Le répertoire où se révèle le talent de Paul Badura-Skoda est immense : les compositeurs viennois où excellent sa sensibilité et son élégance sont le cœur de son monde musical, mais peu d’œuvres de Scarlatti à la musique contemporaine lui sont étrangères, Brahms, Berg, Bartók, Debussy, Ravel lui sont familiers, il en livre des exécutions chaleureuses, émouvantes et exemplaires. Son humanisme musical et sa spiritualité ont trouvé dans sa rencontre avec Frank Martin un interlocuteur exceptionnel, leur amitié a été illustrée par la dédicace de deux œuvres : le deuxième Concerto pour piano et orchestre (1970), puis la Fantaisie sur des rythmes Flamenco (1974).

L’interprète est aussi compositeur : à côté d’œuvres originales écrites dans le langage de son époque, il a complété des œuvres inachevées de Schubert ou de Mozart, comme, par exemple, le célèbre Concerto du Couronnement (auquel il manquait la partie pour la main gauche).

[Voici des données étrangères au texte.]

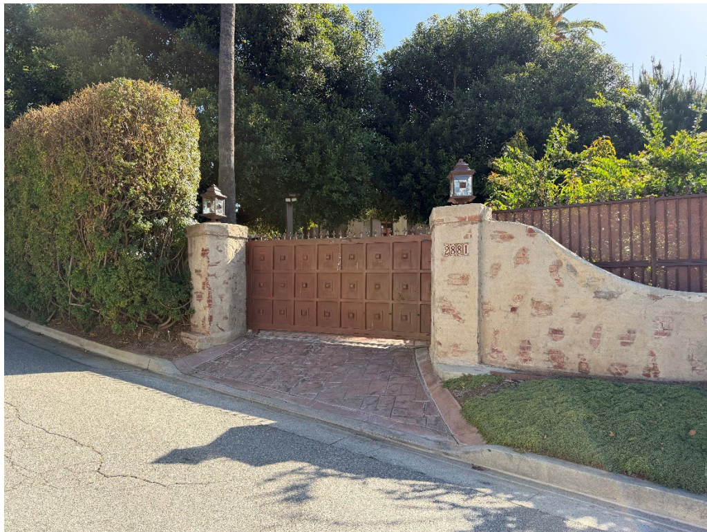
Figure 8 - Perimeter wall at south gate, view looking east

Il est aussi l’auteur de cadences et ornementations pour les concertos de Mozart et de Haydn (Vienne, Doblinger)

Comme professeur, enfin, il fait autorité. Doué d’un talent pédagogique remarquable, il transmet avec ferveur l’esprit de la grande tradition et révèle aux jeunes les prémisses des grands secrets : "Avant de jouer, il faut imaginer une belle sonorité, et pour savoir ce qu’est une belle sonorité, il faut écouter les grands pianistes. Ecoutez Cortot : il ne frappait jamais le piano. Les grands pianistes, Cortot, Kempff, Horowitz, malgré leurs techniques très différentes, utilisent la même méthode : ils exercent une très grande pression pour jouer la mélodie, les doigts très près du clavier, sans jamais taper."